Researchers at the Mainz University Medical Center have discovered a mechanism that makes it easier for T cells to damage the brain
15 March 2017
Multiple sclerosis (MS) is a neurodegenerative autoimmune disease in which the body’s own T cells attack the central nervous system (CNS). One major obstacle in this process comprises the so-called blood-brain barrier, which T cells have to cross before they can penetrate the brain. Researchers try to decipher this mechanism in order to develop new medications addressing this particular step of disease development. A group of researchers at the University Medical Center of Johannes Gutenberg University Mainz (JGU) has now discovered a mechanism that enables T cells to cross the blood-brain barrier more easily and to invade the CNS. Dr. Florian Kurschus of the Institute for Molecular Medicine at the Mainz University Medical Center and his team have discovered that a protein called EBI2 on the surface of T cells plays a significant role in this process. Their findings have recently been published in the journal Cell Reports.
EBI2 acts as a receptor or target protein for a certain molecule, a ligand known as 7α,25-dihydroxycholesterol. This ligand is synthesized from cholesterol by specific enzymes. EBI2 allows immune cells to enter the brain more easily and more efficiently. The higher the concentration of the ligand, the more rapidly and efficiently immune cells can enter the brain and damage tissue there.
Dr. Florian Kurschus' team came to this conclusion when they were able to show that particularly large numbers of cells with high levels of the receptor EBI2 had accumulated in the inflamed brain areas of MS patients. "This data allowed us to conclude that in humans the receptor and an elevated ligand concentration promote infiltration by T cells and thus the development of CNS-disease," emphasized Dr. Florian Wanke, who was mainly in charge of the experimental research carried out by Kurschus’ team.
As a first step, the researchers investigated the inflammation processes in an animal model of MS. They were able to show that a higher amount of enzymes relevant to ligand production is present in the CNS at the onset of inflammation. “The more of these enzymes are active, the greater the number of ligands that are able to channel T cells across the blood-brain barrier,” explained Kurschus. "So we were able to conclude how actually increased ligand is produced in the inflamed CNS tissue."
So-called G-protein-coupled receptors, such as EBI2, can readily be targeted for appropriate medication. Therefore they are of great interest in MS research. "Several potential therapeutic approaches for EBI2 are already described and we plan to explore their efficacy in future experiments in models of MS. In addition to MS, this receptor may also play a role in other autoimmune diseases. This is because EBI2 is produced by particularly dangerous cells known as Th17 cells, which are a sub-group among the T helper cells,” added Kurschus. T helper cells are white blood cells that are actually supposed to combat pathogens. In autoimmune diseases such as psoriasis or MS, however, they have the opposite effect. They are thus regarded as pathogenic immune cells, in other words, they precipitate disorders because they wrongly identify physiological structures as alien and combat them.
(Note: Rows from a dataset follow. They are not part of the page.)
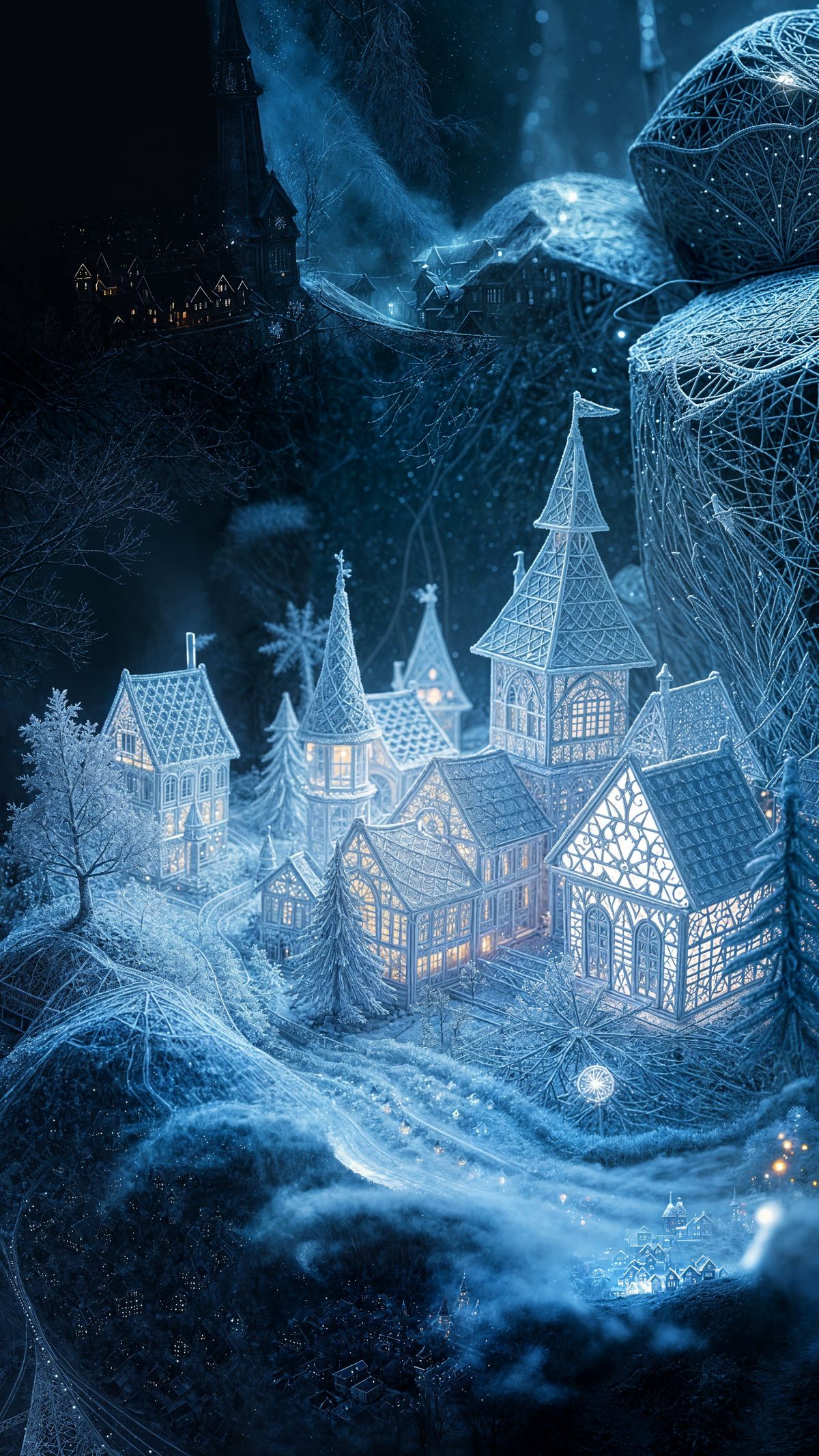 This image shows a fantasy village covered in intricate, frosty lace patterns, set against a black, shining background, with neon threads and shimmering powder creating a mesmerizing, high-resolution scene.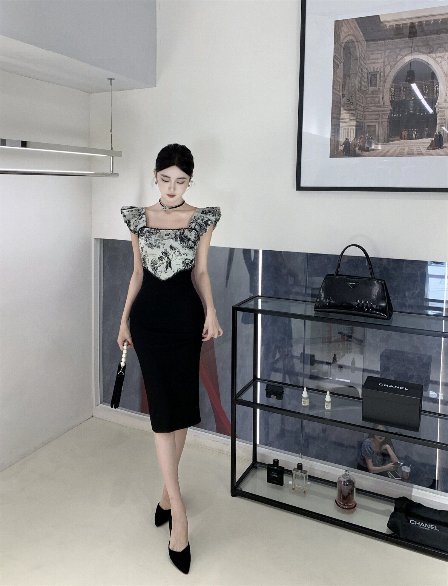 ヘップバーンスタイルのイブニングドレススカートフェミニニティライトラグジュアリーニッチハイエンドフレンチセクシーな小さなフライングスリーブ見事なスクエアカラードレス スクウェア yeyij26257405090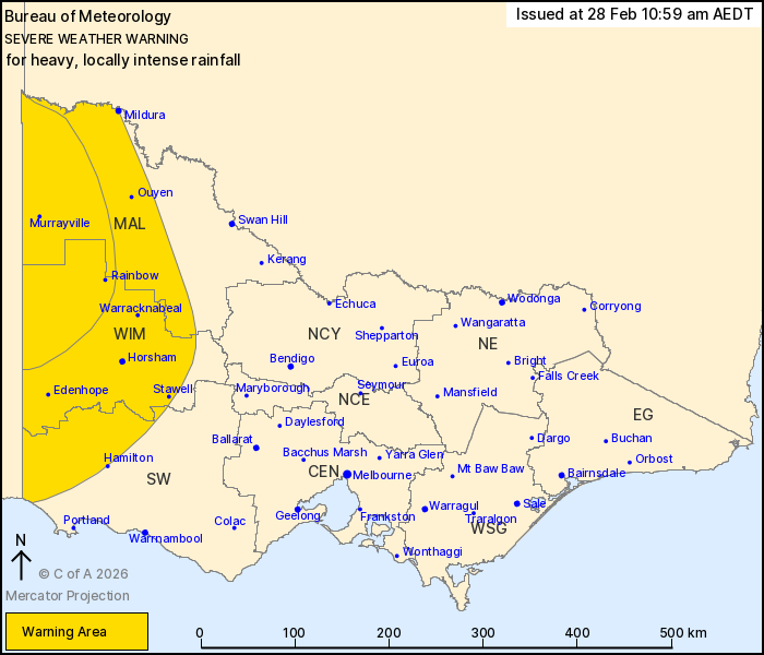 Locations which may be affected include Mildura, Horsham, Stawell,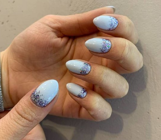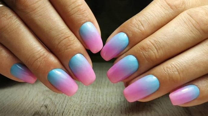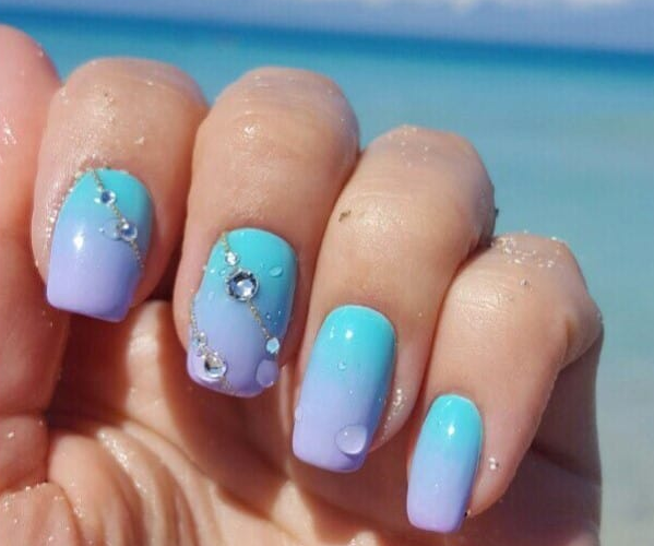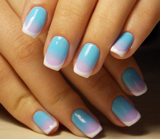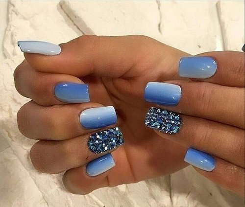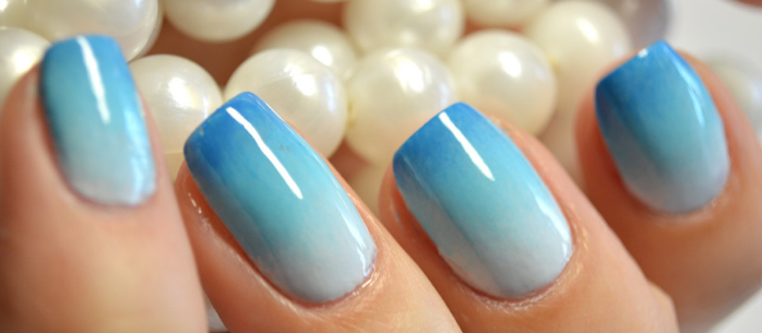Особенно нежно смотрятся такие переходы с использованием голубой палитры. Выбирайте с какого тона начать градиент — с более светлого или, наоборот, темного. А может быть начать стоит вообще с молочного или прозрачного лака.
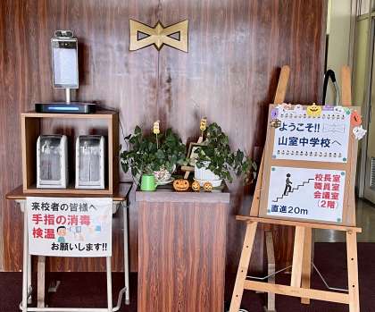 正面玄関をハロウィン仕様にリニューアル! 公開日 2023/10/01 更新日 2023/10/01 山室中学校のページ 10月1日(日) 13:30 10月に入ったので、正面玄関をハロウィン仕様に少し模様替えしてみました! (写真 下:来賓下足ロッカーの上)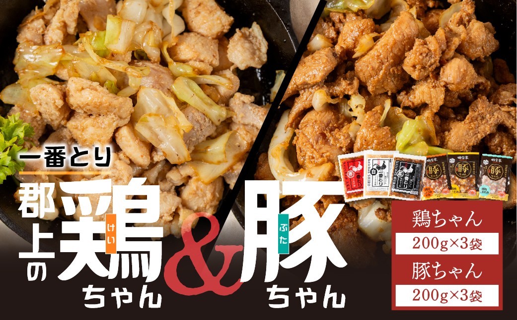 冷凍ストック飯にもオススメ、郷土料理・鶏ちゃんと豚ちゃんのセット 焼くだけ簡単 味付肉(鶏肉・豚肉)一番とり&豚ちゃん 各200g 小分け/ 食品 精肉 肉加工品 鶏肉 豚肉 セット 詰め合わせ 10000円 鶏ちゃん 明宝家 A-245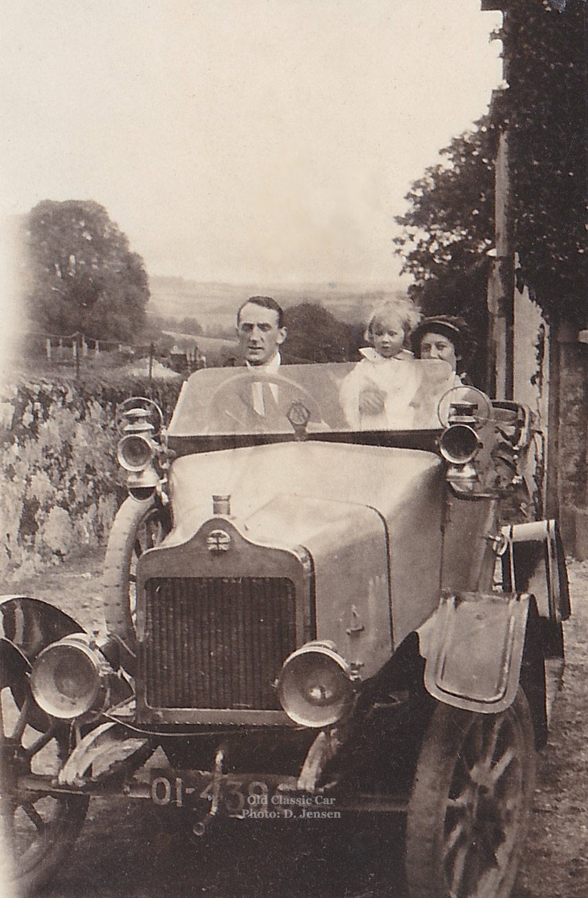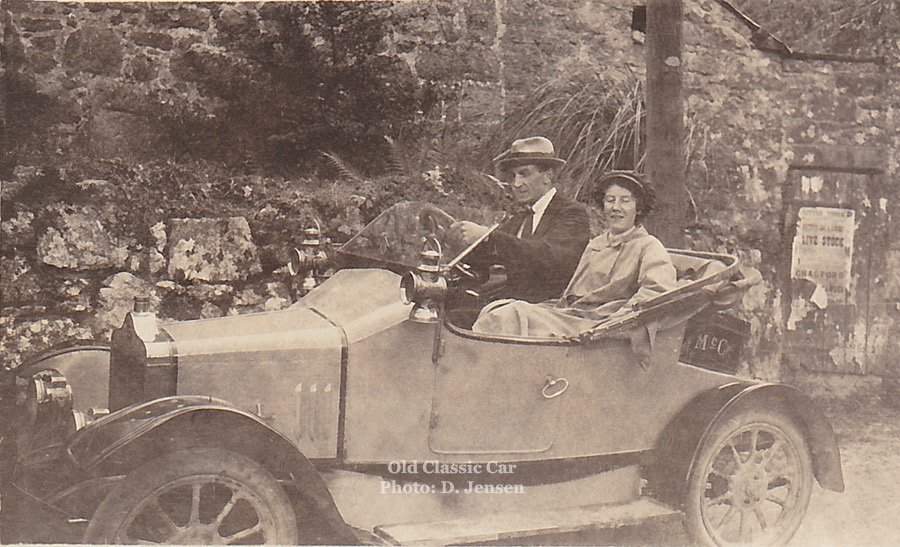 Doctor Mary Gill Caskey. The location is Devon, specifically close to the Dartmoor Sanitarium, located in Chagford, Devon, and the date is c1917. The first of the photos shows the happy couple sat in the Standard - note the metal luggage box mounted on the rear panel, with the letters "McC" (for McCullough) painted on its side. On the stone building in the background are the remains of a poster, possibly for a livestock auction held in Chagford. The distinctive shape of the Standard Rhyl's radiator is clearly visible.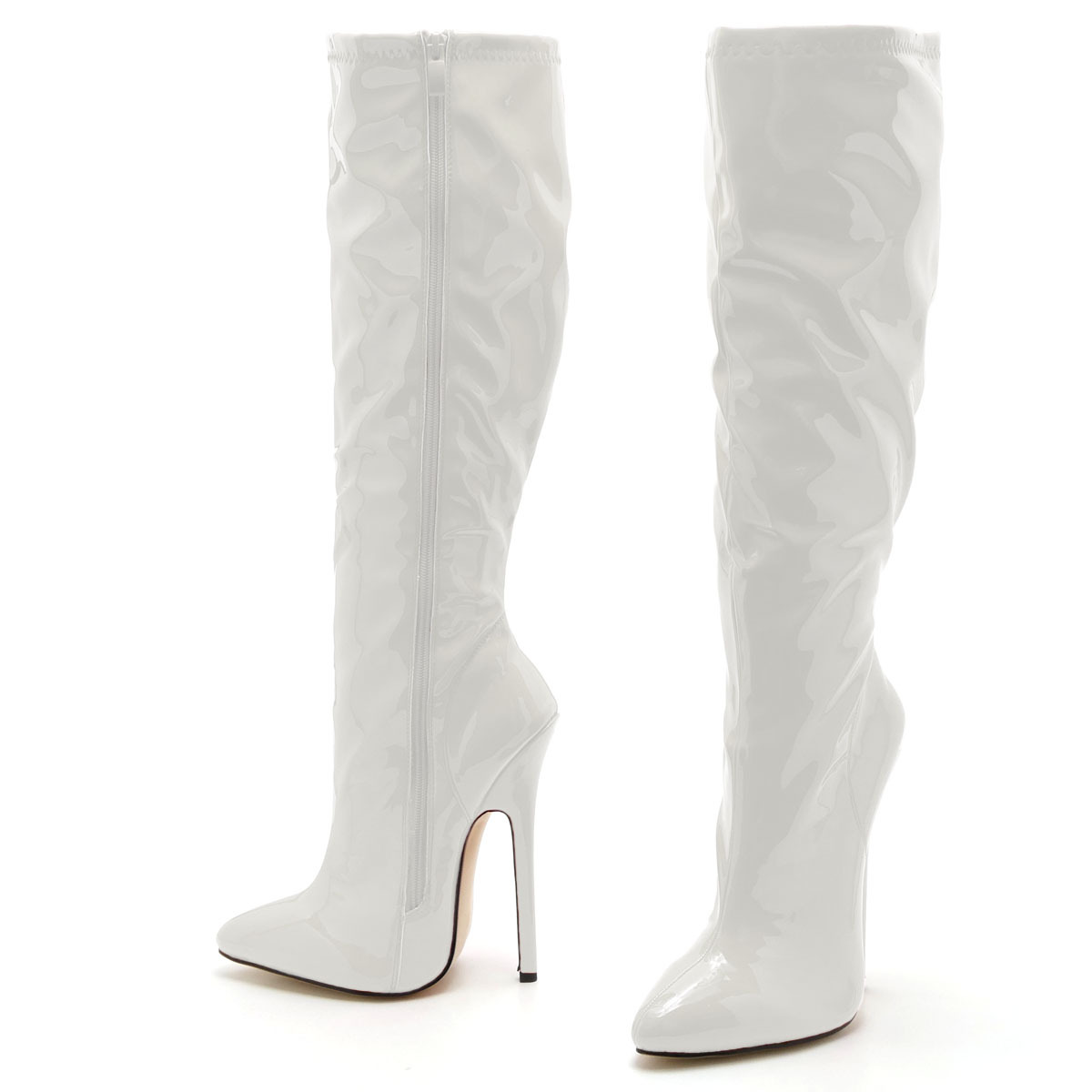 - 新品 大きいサイズ ロングブーツ ホワイト 26cm 137325-42 17cmヒール エナメル調 ハイヒール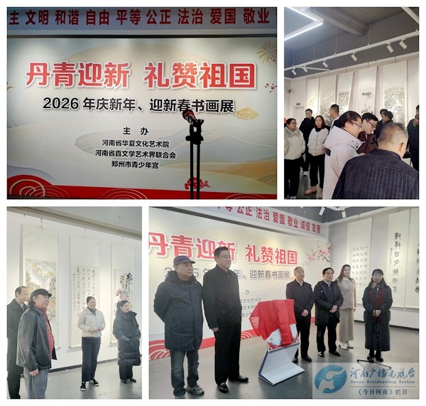 12月29日上午,“丹青迎新 礼赞祖国——2026年庆新年、迎新春书画展”在郑州市青少年宫正式拉开帷幕。本次展览由河南省华夏文化艺术院、河南省直文学艺术界联合会、郑州市青少年宫联合主办,旨在以书画艺术为载体,弘扬中华优秀传统文化,表达对祖国的深情礼赞,营造喜庆祥和的新春氛围。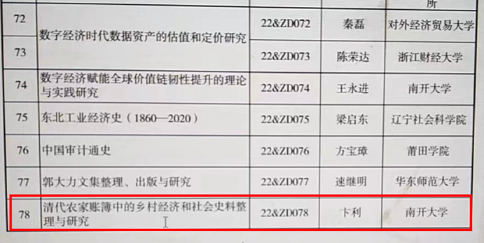 近日,南开大学卞利教授为首席专家申报的国家社科重大项目《清代农家账簿中的乡村经济和社会史料整理与研究》正式获得立项。我院副院长凌焰博士负责子课题《清代湘赣边区农家账簿中的乡村经济与社会史料整理与研究》。凌焰博士自2004年以来在以萍乡为核心的湘赣边区的乡间田野抢救性收集家谱、碑刻、账簿、契约、庙志、宗教科仪书等民间文献。凌焰博士带领安源红色文化研究中心研究团队,利用这些从民间抢救而来的民间文献开展了卓有成效的研究。2016年至今,中心团队立项教育部人文社科青年项目1项,省社科规划项目4项。在cssci来源期刊发表学术论文十余篇。

The work of Dr. Florian Kurschus and his team was mainly carried out at the Institute for Molecular Medicine at the Mainz University Medical Center. These findings are the result of a close collaboration with Professor Ari Waisman and Dr. Stefano Casola who initiated this project in the laboratory of Professor Klaus Rajewsky. Several other laboratories in Germany and abroad were additionally involved in the investigations. Researching neurodegenerative diseases and particularly MS constitutes a special focus of Johannes Gutenberg University Mainz and its University Medical Center. The German Research Foundation (DFG) is sponsoring research into MS at the Mainz University Medical Center by providing funding to Transregional Collaborative Research Center TR128 on "Initiating/effector versus regulatory mechanisms in Multiple Sclerosis — progress towards tackling the disease."